We are getting geared up to buy our milk cow and sell dairy products this year. Im trying to figure out what kind of containers to use to sell milk in. There is a woman around her that sells milk and she used 2qt mason jars and suggested buying plastic lids. I really like the idea of selling the milk in glass but I dont know how well it will pour from canning jars. What are your ideas? and sources?


----------



## kranac (Sep 8, 2010)

Thats the best and cheapest idea. Use a dry erase marker on the lid. Pouring isnt an issue.

I have some 8$ bottles from stanpac but most people just want the half gallon mason jar. Prices for 6 run from 8-11$ with lid its like 2$.

After breaking 3 $8 bottles from freezing to long we quit that. Twice


----------



## BlackWillowFarm (Mar 24, 2008)

I use half gallon mason jars with a plastic cap too. I charge a bottle deposit equal to the cost of the jar and lid. That way if the jars get broken or the people don't bring it back, my cost is covered. 

They pour fine but can be a bit heavy and awkward for small hands. 

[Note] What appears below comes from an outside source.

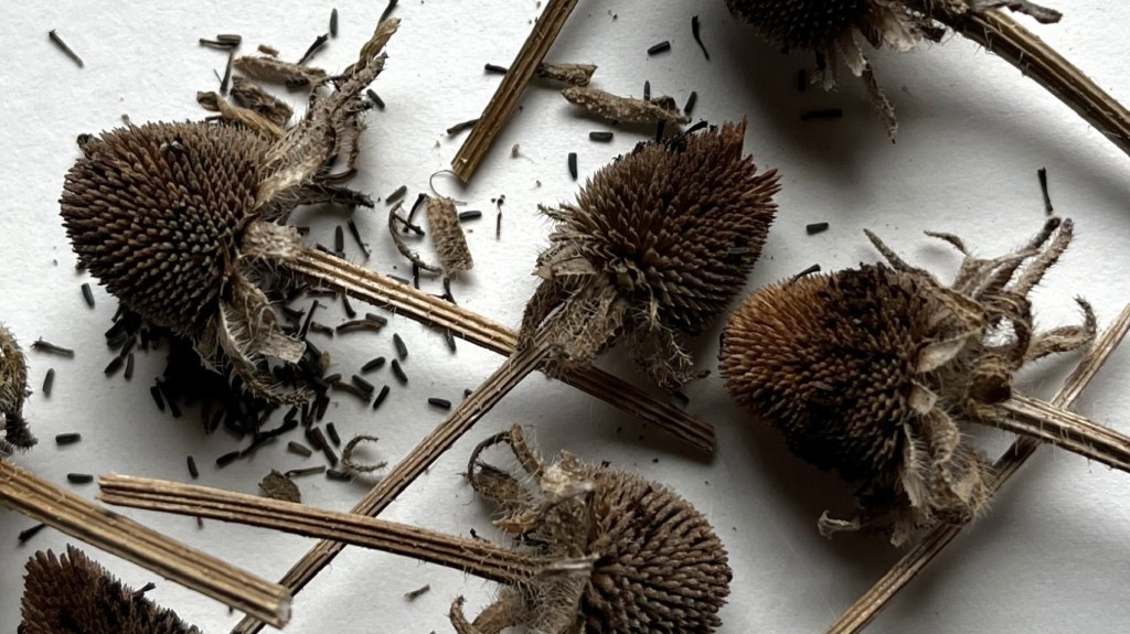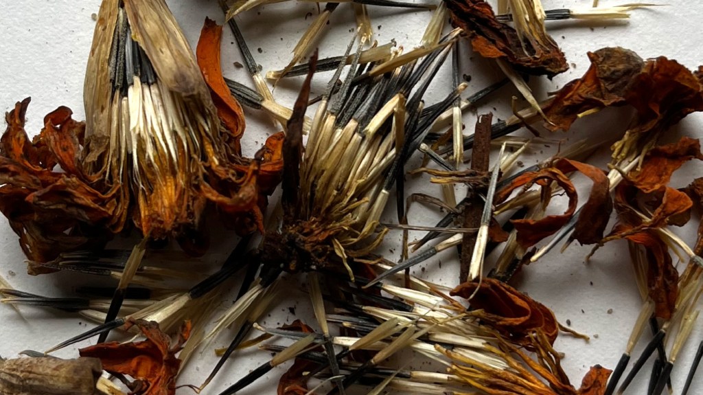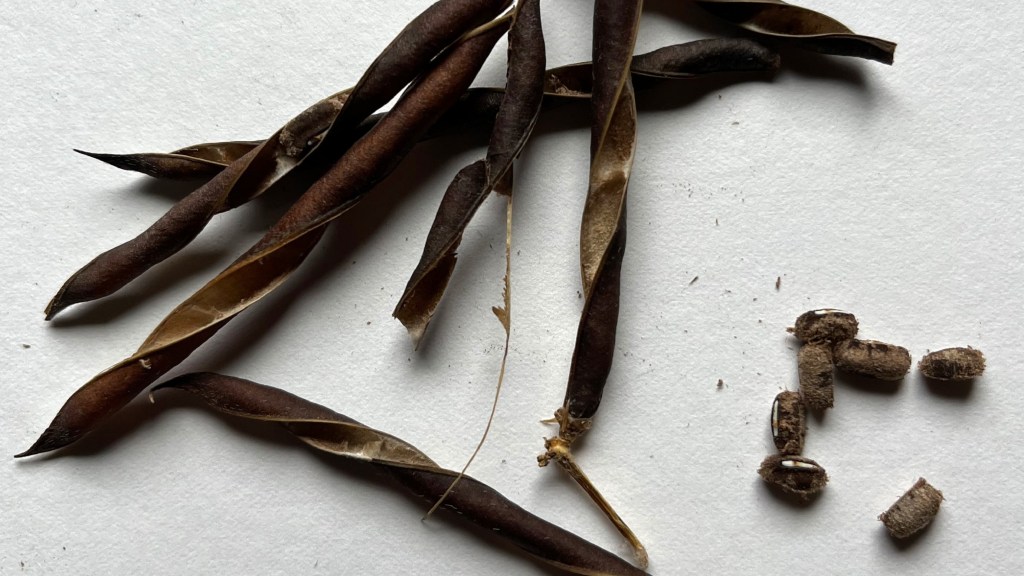 Left to right, from top: blackeyed susan, catalpa, orange cosmos, marigold, milkweed, partridge pea, trailing bean, wild carrot, wisteria. Click image for full size.
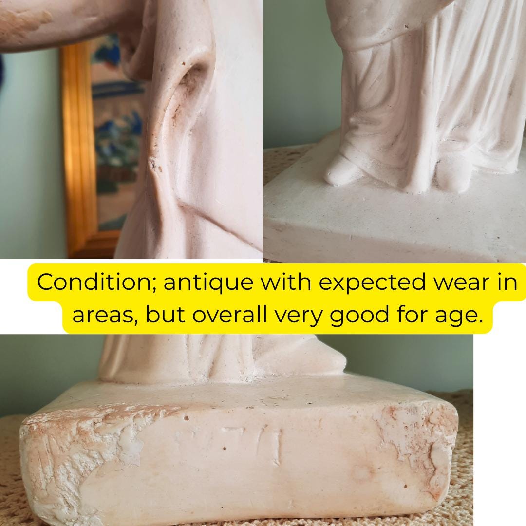 The plaster shows some wear as you'd expect in an antique piece, but is very well preserved for age and in one piece, apart from a couple of small nicks here and there.

The best price I've found is at Ace Hardware stores. They put them on sale sometimes for under $10.00 a case (6 jars). With everything costing more now, I suppose they won't be that cheap anymore though.


----------



## suzyhomemaker09 (Sep 24, 2004)

If selling in mason jars with plastic lids it helps to put a standard metal lid (not ring) on top before putting the plastic lid on...otherwise they tend to leak as there is not a sure seal.


----------



## kkweinb (Oct 17, 2011)

Thank You all for your input. I think I will order some jars and plastic lids. Thanks for the tip regarding the metal lid under the plastic. Are any of you selling butter? What container do you use for that?


----------



## melco (May 7, 2006)

The milk I buy comes in the gallon pickle TYPE jars. I transfer it when I get home into the half gallon jars you are talking about. Glad to hear about the lid under the cap.


----------



## mommathea (May 27, 2009)

We are asked to bring out own jars when we get our milk.


----------